Resume Parser using hybrid approach to enhance the efficiency of
Automated Recruitment Processes
- Nirmiti Bhoir,
- Mrunmayee Jakate,
- Snehal Lavangare,
- Aarushi Das,
- Sujata Kolhe
Abstract
This study provides a novel resume parsing solution using a hybrid Spacy
Transformer BERT and Spacy NLP methodology. The main goal is to create a
resume parser that can efficiently extract pertinent data from
unstructured resumes that do not adhere to a predetermined resume
structure and may contain information presented in a non-standardized
manner. We also intend to investigate the usage of video resumes as a
fresh source of candidate data and put forth a cutting-edge method for
video resume parsing that combines visual and audio processing methods.

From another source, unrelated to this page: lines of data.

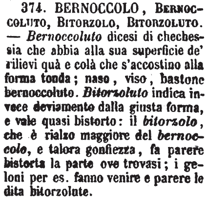 | Bernoccolo, Bernoccoluto, Bitorzolo, Bitorzoluto - Bernoccoluto dicesi di chechessia che abbia alla sua superficie de' rilievi quà e colà che s'accostino alla forma tonda; naso, viso, bastone bernoccoluto. Bitorzoluto indica invece deviamento dalla giusta forma, e vale quasi bistorto: il bitorzolo, che è rialzo maggiore del bernoccolo, e talora gonfiezza, fa parere bistorta la parte ove trovasi; i geloni per es. fanno venire e parere le dita bitorzolute. [immagine] |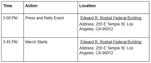 We will have a press conference and rally at the Edward R. Roybal Federal Building aka “Molecule Man”, a march down Temple Street, and end with a program at Pershing Square.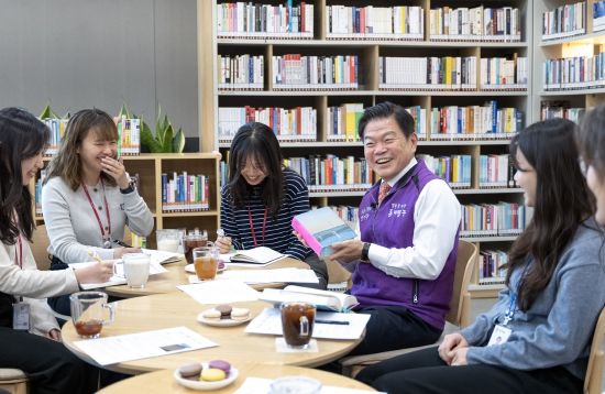 지난 21일 구청 1층 책마당 도서관은 직원들의 웃음소리로 가득했다. 이필형 동대문구청장과 직원들이 책에 대한 의견을 나누고 소통하는 자리를 가진 것이다.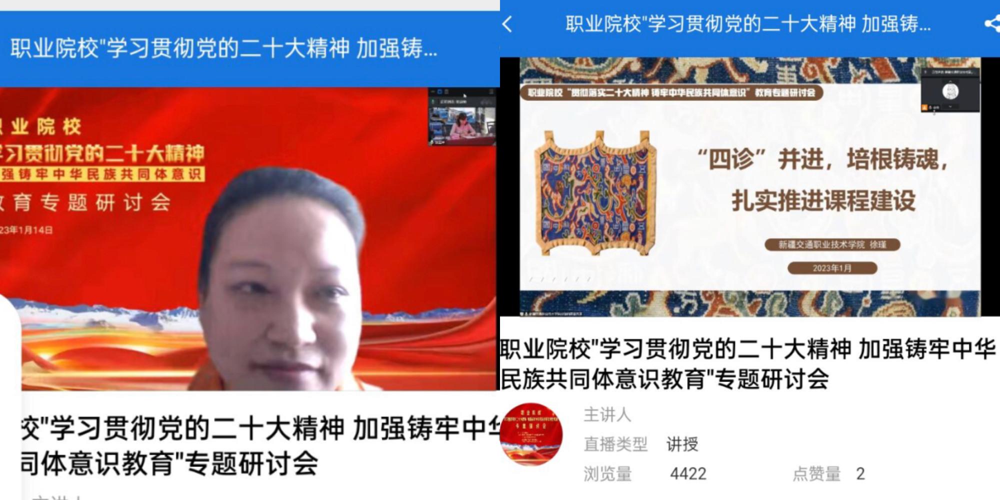 新疆交通职业技术学院马克思主义学院徐瑾副教授参会做了题为《“四诊”并进,培根铸魂,扎实推进课程建设》交流发言。从“以党的二十大精神为指引,筑牢课程建设理论根基”“‘四诊’并进,培根铸魂,扎实推进课程建设”“思政课程建设的寄语和希望”三个方面,对铸牢中华民族共同体意识重大论断的形成与发展,《简明新疆地方史教程》课程的沿革和当前开设的重要性,以及课程在建设中形成具有推广价值的成果进行了分享,为推动学院有效开展铸牢中华民族共同体意识教育奠定了坚实基础。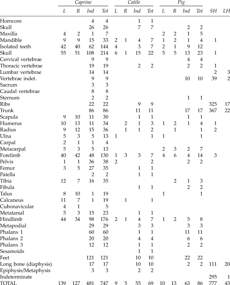 SH = small-size herbivore; LH = large-size herbivore; L = left; R = right; Ind = indeterminate; Tot = total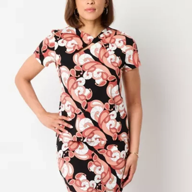 Liz Claiborne Womens Round Neck Short Sleeve Blouse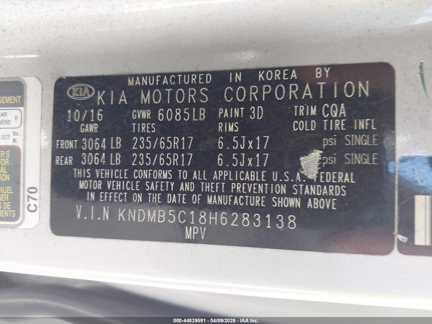 2017 Kia Sedona Lx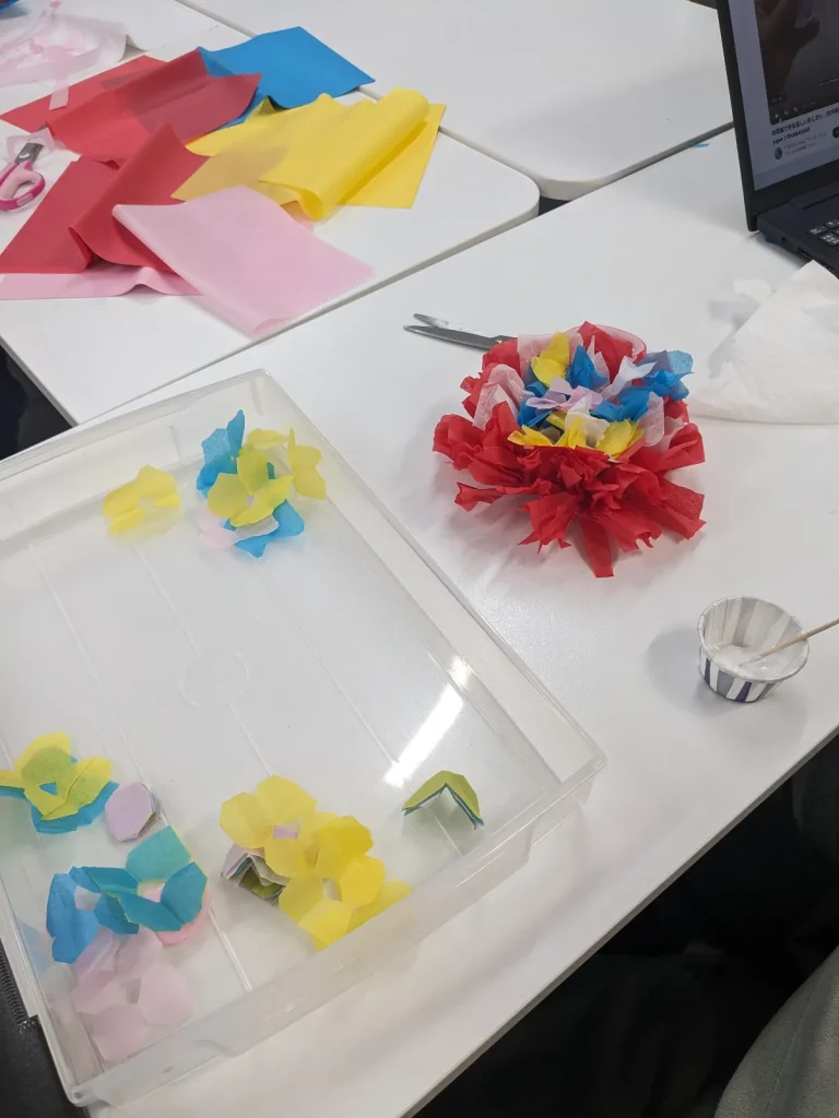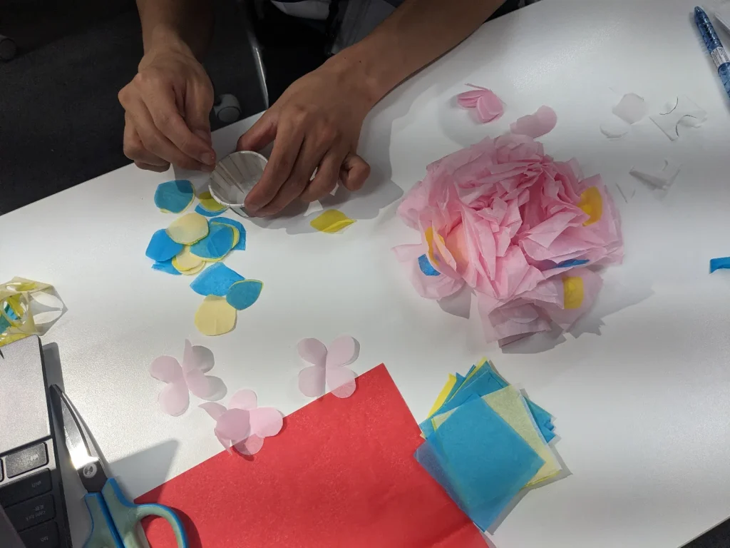 小さい花を作るのは難しいという方も、丸く切った紙を貼ってオリジナルな花の作成をしていました。

We employed a hybrid methodology of Spacy Transformer BERT and Spacy NLP
to accomplish these goals. A pre-trained deep learning model called
Spacy Transformer BERT captures the text's semantic meaning, and Spacy
NLP employs natural language processing to glean pertinent information
from it. Our method combines the strengths of the two models for high
accuracy and efficiency in collecting pertinent information from
resumes. Using a dataset of resumes, we ran experiments to gauge how
well our suggested system performed. The outcomes demonstrate that our
system was highly accurate in retrieving pertinent data, including
candidate names, contact information, qualifications, work experience,
and other pertinent characteristics.